Por decirlo de otra manera, un jardinero que dedica toda su vida a estudiar el arte de la espada ES un jardinero pero el que coge una espada por primera vez y se lanza al combate ES un guerrero. Un guerrero idiota (y muerto) por combatir sin aprender a luchar pero un guerrero.

Moraleja: Hay que estudiar pero se vive para APLICAR lo estudiado.

----------


## Ritxi

> Por decirlo de otra manera, un jardinero que dedica toda su vida a estudiar el arte de la espada ES un jardinero pero el que coge una espada por primera vez y se lanza al combate ES un guerrero. Un guerrero idiota (y muerto) por combatir sin aprender a luchar pero un guerrero.
> 
> Moraleja: Hay que estudiar pero se vive para APLICAR lo estudiado.


Me encanta cuando pones estos ejemplos  :Great:

----------


## Moñiño

Yo adoro el escenario.
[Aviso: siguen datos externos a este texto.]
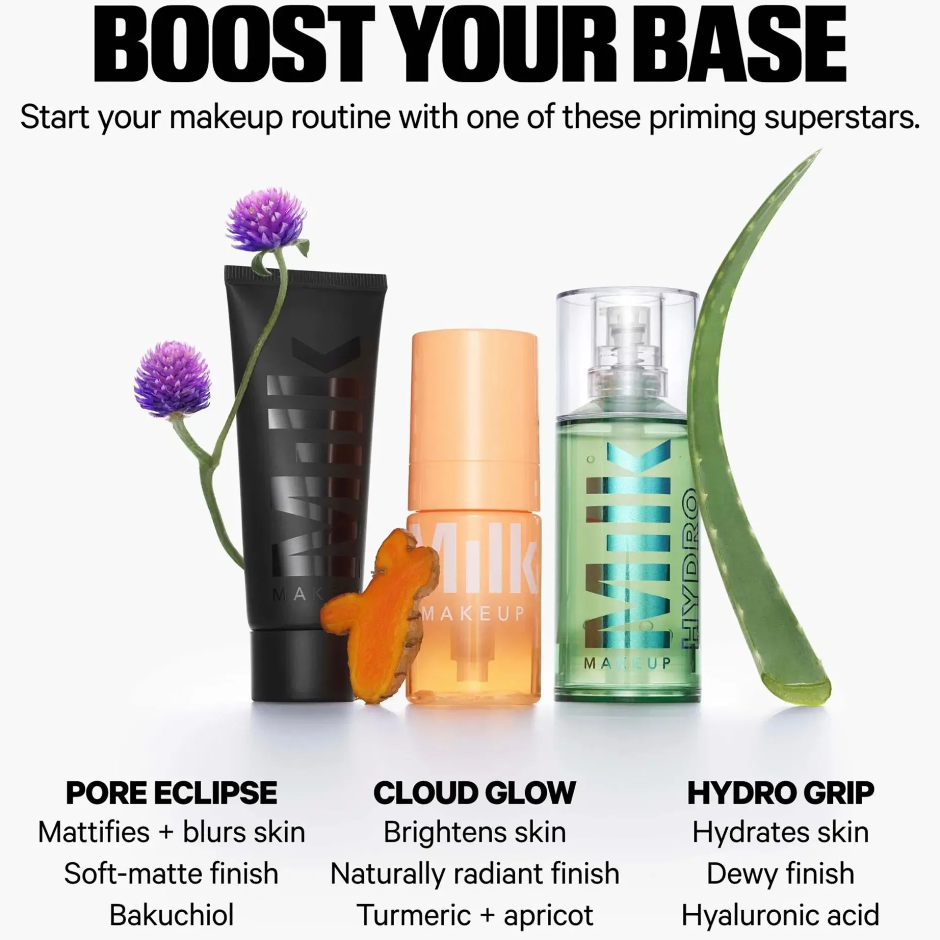 Avsluta din makeuprutin med Hydro Grip Set + Refresh Spray eller Pore Eclipse Matte Setting Spray för makeup som håller längre.

Sea de magia o haciendo una obra de teatro. Yo peque de presentar demasiado pronto, como todo buen novato. Es el fin por el que aprendo magia.
Comprendo a los que empiezan que les sea dificil, incluso a los que aman este arte, el que les salgan actuaciones, por mucho que las deseen. Pero estos son otros temas, publicitarios y demas. Comprendo que se cansen de que no les llamen para actuar (a veces justificadamente por que no se mueven, ni hacen nada).
Lo de los nervios es normal. Ademas, yo creo que cualquier mago tiene algo de egocentrico y narcisista. La gusta llamar la atencion, ser el centro de atencion, y que mejor que hacerlo en un escenario entreteniendo al publico. Ademas de un poco "Sin verguenza"
Creo que sin esta cualidad, aunque sea en un grado minimo, la cosa solo se quedara en estudio.
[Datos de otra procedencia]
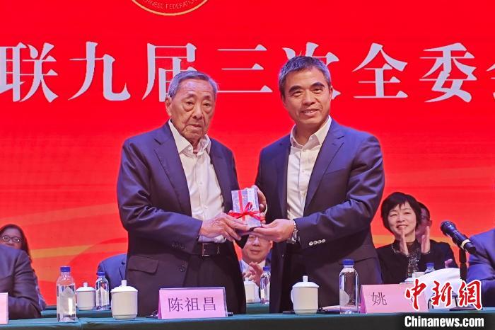 3月13日,泉州市副市长姚飞向旅菲侨领陈祖昌先生赠送“海外咱厝人——陈祖昌先生的故事”专辑。 吴冠标 摄

Por cierto ¿El mago nace o se hace?

Salutres.

----------


## Álvaro Oreja

Estoy de acuerdo contigo Némesis.

Los nervios a actuar es algo por lo que todos pasamos, y seguramente, aunque poco a poco se vayan teniendo menos, es algo que siempre tendremos en el nudo del estómago antes de salir a actuar. La primera vez que me tocó hacer algo en público estaba "acojonao", pero poco a poco (y no es que haya hecho muchas cosas), se van perdiendo esos nervios, y al contrario te vienen ganas de tener la oportunidad de prepararte algo para poder enseñar.

Magicmolon, yo creo que el mago se hace, quizás tenga un punto de vista equivocado, pero creo que si tienes el gusanillo de la magia, y con cabeza la estudias y te formas bien, puedes llegar a ser eso, un mago.

----------


## Némesis

Bueno, ahora viene la segunda parte del post...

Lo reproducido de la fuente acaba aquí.